Start of Source data

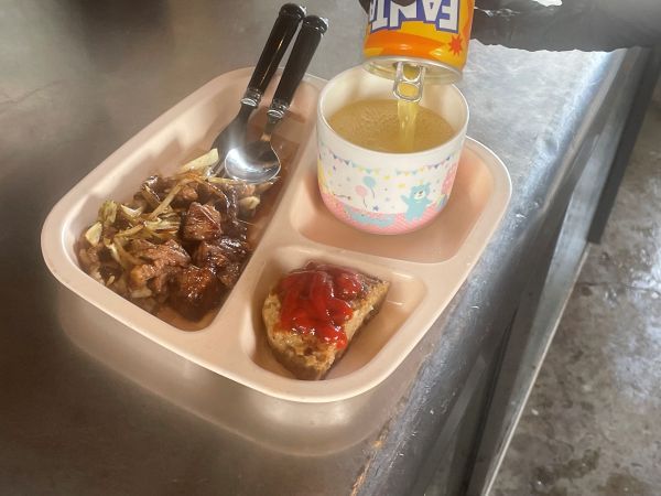 サイコロ肉とキャベツ、もやしをやさしい味付けで炒めたもの、ケチャップがかかったハンバーグ半分、オレンジジュース。お子様大満足間違いなし!
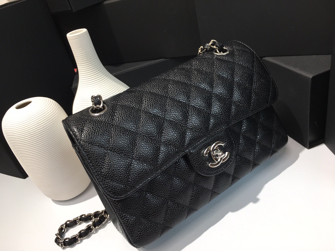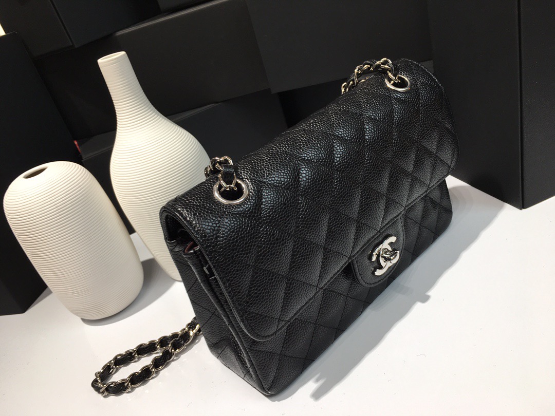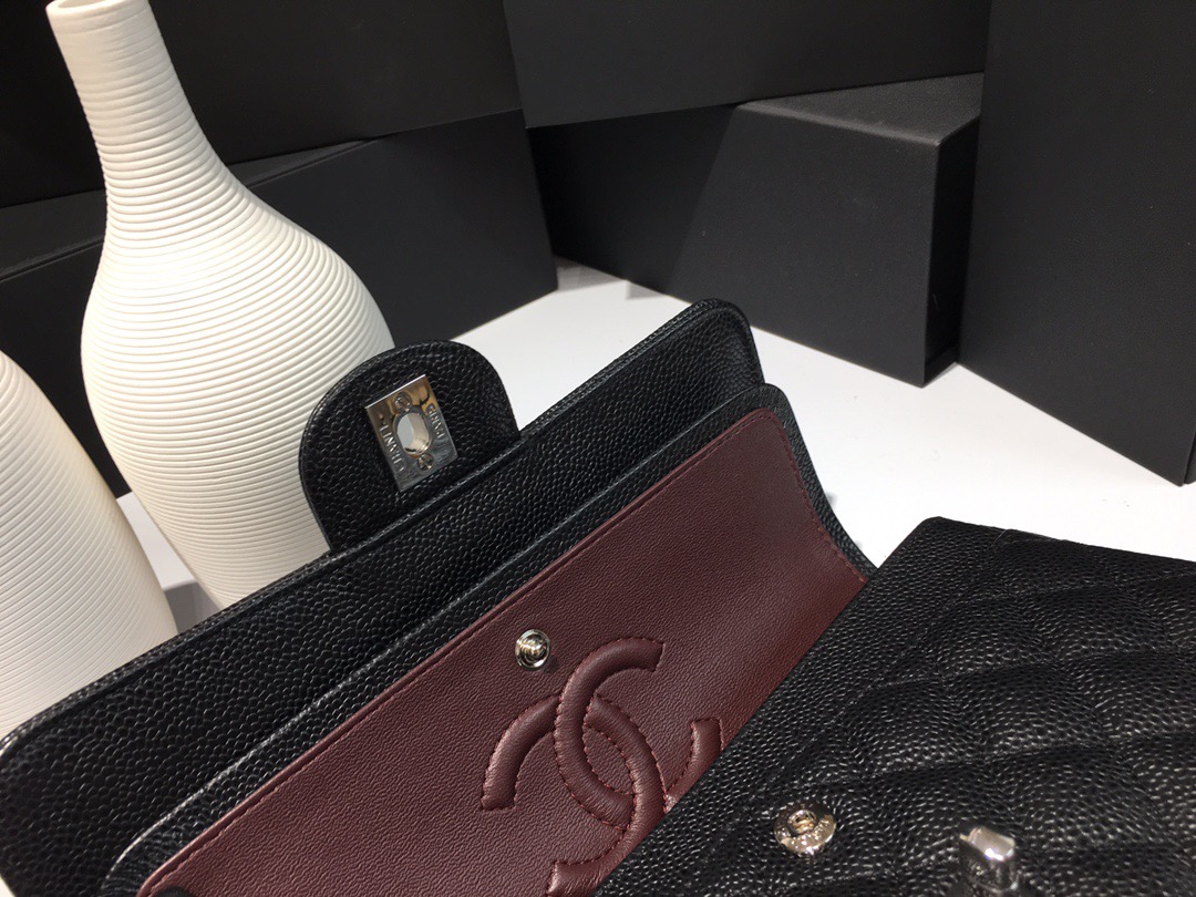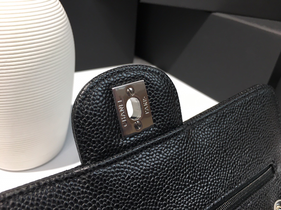 Chanel Classic Flap Caviar leather. All copper hardware. Black. Silver Buckle 23cm
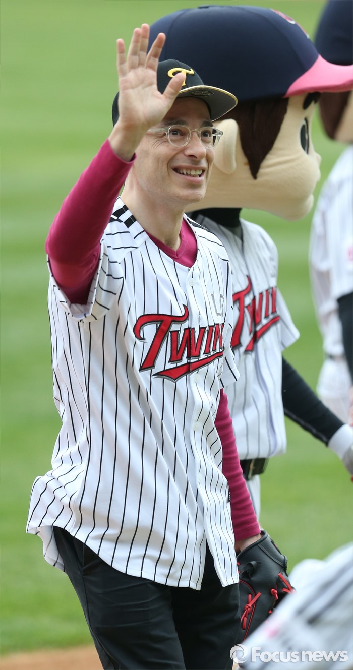 (서울=포커스뉴스) 8일 서울 잠실구장에서 열린 2016 프로야구 SK-LG 경기에 앞서 프랑스 소설가 베르나르 베르베르가 시구후 관중에게 손을 흔들며 퇴장하고 있다.
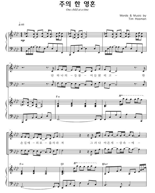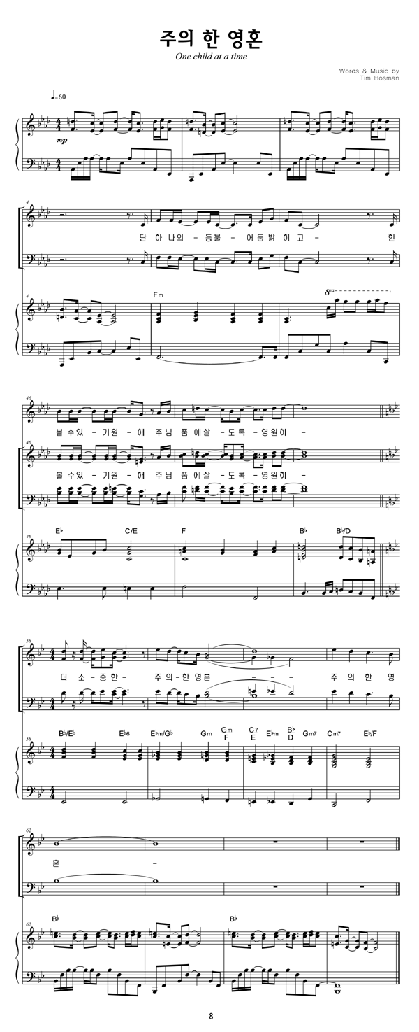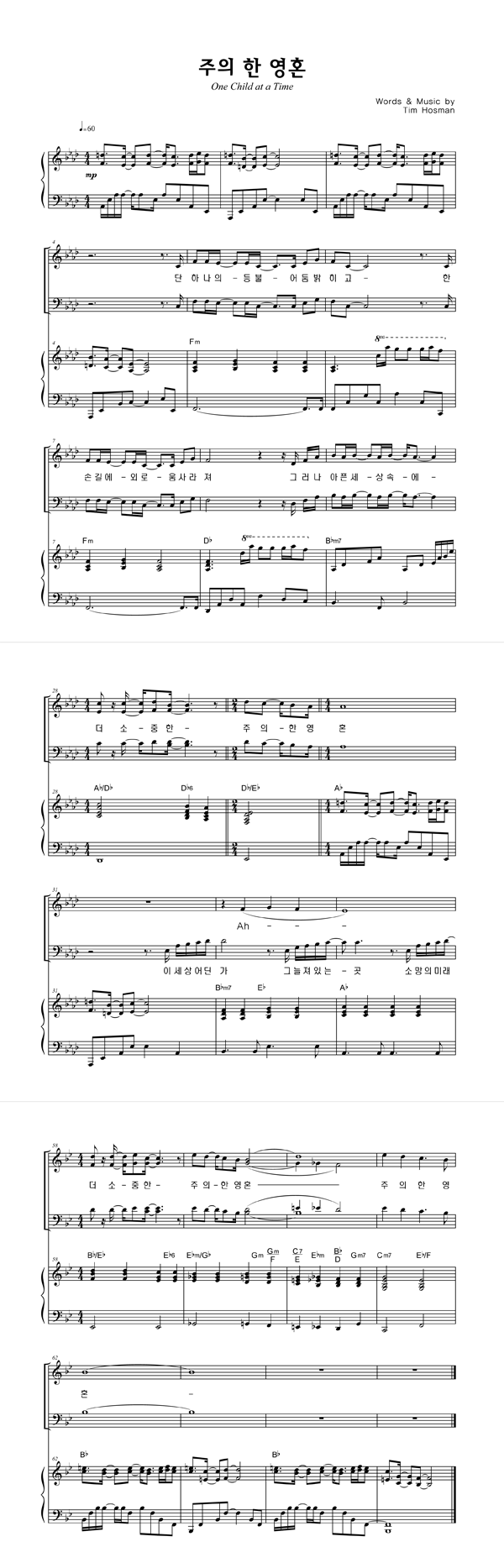 | 주의 한 영혼 | 성가 4부 + 피아노 반주 |

End of Source data

> Exercise directions
Give an exact copy of the listing above that leaves out every picture.

> Solution
 サイコロ肉とキャベツ、もやしをやさしい味付けで炒めたもの、ケチャップがかかったハンバーグ半分、オレンジジュース。お子様大満足間違いなし!
 Chanel Classic Flap Caviar leather. All copper hardware. Black. Silver Buckle 23cm
 (서울=포커스뉴스) 8일 서울 잠실구장에서 열린 2016 프로야구 SK-LG 경기에 앞서 프랑스 소설가 베르나르 베르베르가 시구후 관중에게 손을 흔들며 퇴장하고 있다.
 | 주의 한 영혼 | 성가 4부 + 피아노 반주 |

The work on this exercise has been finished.